Dad owns several pieces of diesel equipment. The only time starting is ever an issue is when the fuel gels, and this include multiple starts below 0F, probably as cold as -30F in one case. Obviously it is in the dead of winter when you find out your batteries aren't up to snuff.
My gasoline 420c was more cold blooded than any of them, until I souped up the ignition. It would generally always start before, eventually, but wouldn't run for crap and sometimes never warmed up enough to be usable. With a hotter ignition, it fires right up and makes usable power immediately.


----------



## Ed Williams (Jun 13, 2019)

Bob Driver said:


> New Years day 1979, Colorado, Loveland Basin Ski Area (11,000 ASL), 4:00AM.... -50 with a 20 MPH wind coming down the mountain (-87 wind chill). Trying to start a D9 Cat with a pony motor.
> 
> Split a 55 gallon drum with a torch.

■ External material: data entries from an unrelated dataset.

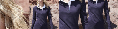 Self fabric taped side vents. Elastane reinforced cuffs for shape retention. Twin needle hems and traditional rugby collar. Slimmer feminine fit. Dyed to match plastic buttons. WRAP Certification.
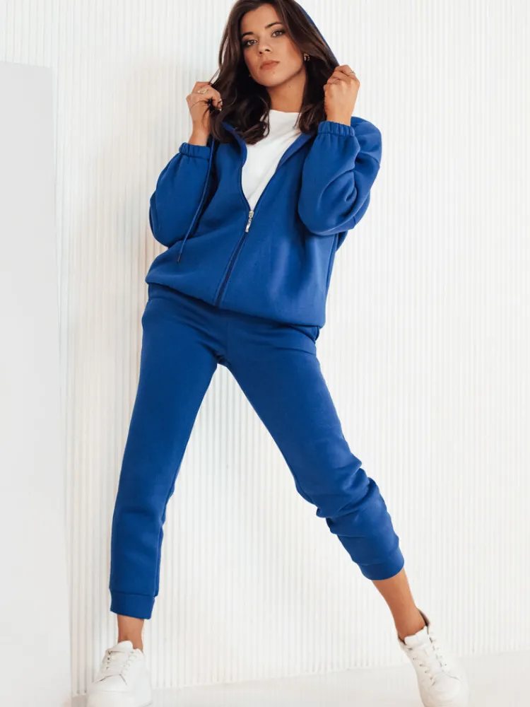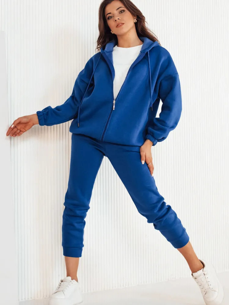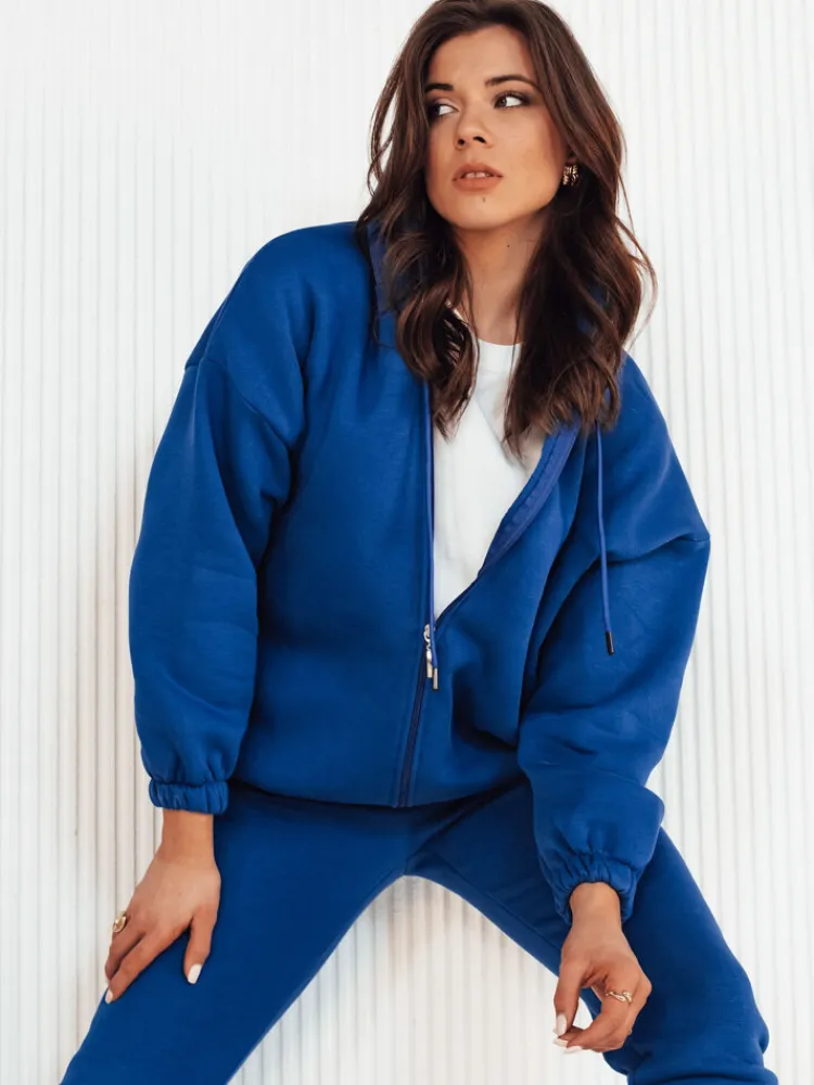 Ocieplany, basicowy komplet dresowy to must-have w każdej szafie. Uniwersalny i ponadczasowy zestaw sprawdzi się w sportowych i codziennych stylizacjach. Bluza z dużym kapturem zapinana na zamek. Spodnie posiadają wiązanie w pasie oraz ściągacze przy nogawkach. Świetny set na jogging, siłownie, czy też spacer.
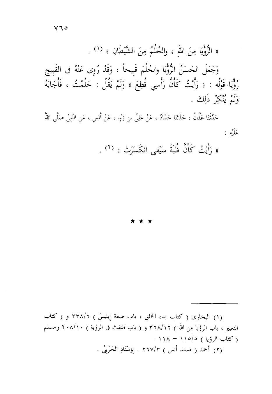حَدَّثَنَا عَفَّانُ , حَدَّثَنَا حَمَّادٌ , عَنْ عَلِيِّ بْنِ زَيْدٍ , عَنْ أَنَسٍ , عَنِ النَّبِيِّ صَلَّى اللَّهُ عَلَيْهِ: «§رَأَيْتُ كَأَنَّ ظُبَةَ سَيْفِيَ انْكَسَرَتْ»
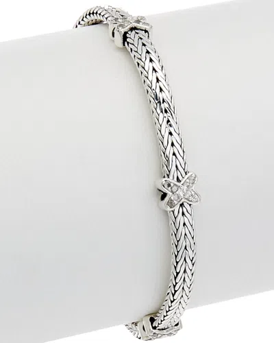 Silver 0.19 Ct. Tw. Blue Topaz Woven Bracelet In Metallic
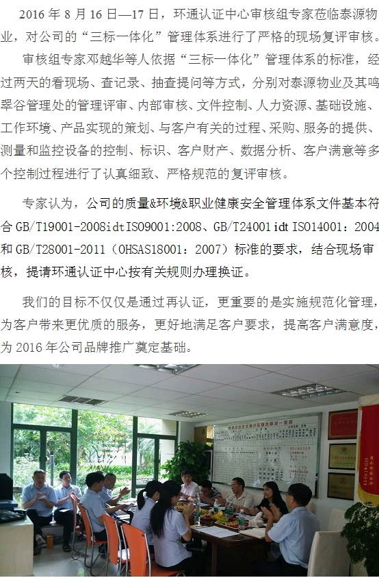 泰源物業(yè)“三標(biāo)一體化”管理體系通過現(xiàn)場(chǎng)復(fù)評(píng)審核
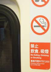 禁煙のマークと飲食禁止のマーク、MRT内では煙草はもちろんのこと飲食も禁じられている。

Crawled between the tracks and shoved it under the engine from the rear. Filled it with coal and lit it. Covered the engine side openings and radiator with a 20x20 concrete blanket.
> 
> ...


OK. Colorado just made the list of places to avoid as a retirement venue. Mississippi just moved up several notches. We will have to work on the name. Too many letters for old people.


----------



## rfagriculture (Apr 21, 2020)

Great information, thank you sir!


----------



## Bob Driver (Nov 1, 2017)

Ed Williams said:


> OK. Colorado just made the list of places to avoid as a retirement venue. Mississippi just moved up several notches. We will have to work on the name. Too many letters for old people.



We just refer to it as "Here", or "Down thisa ways" to keep it simple. You know... The kind of folks you see on an episode of Cops where they tell them "and don't sing it" when they ask them to recite the alphabet during a roadside DUI test.


----------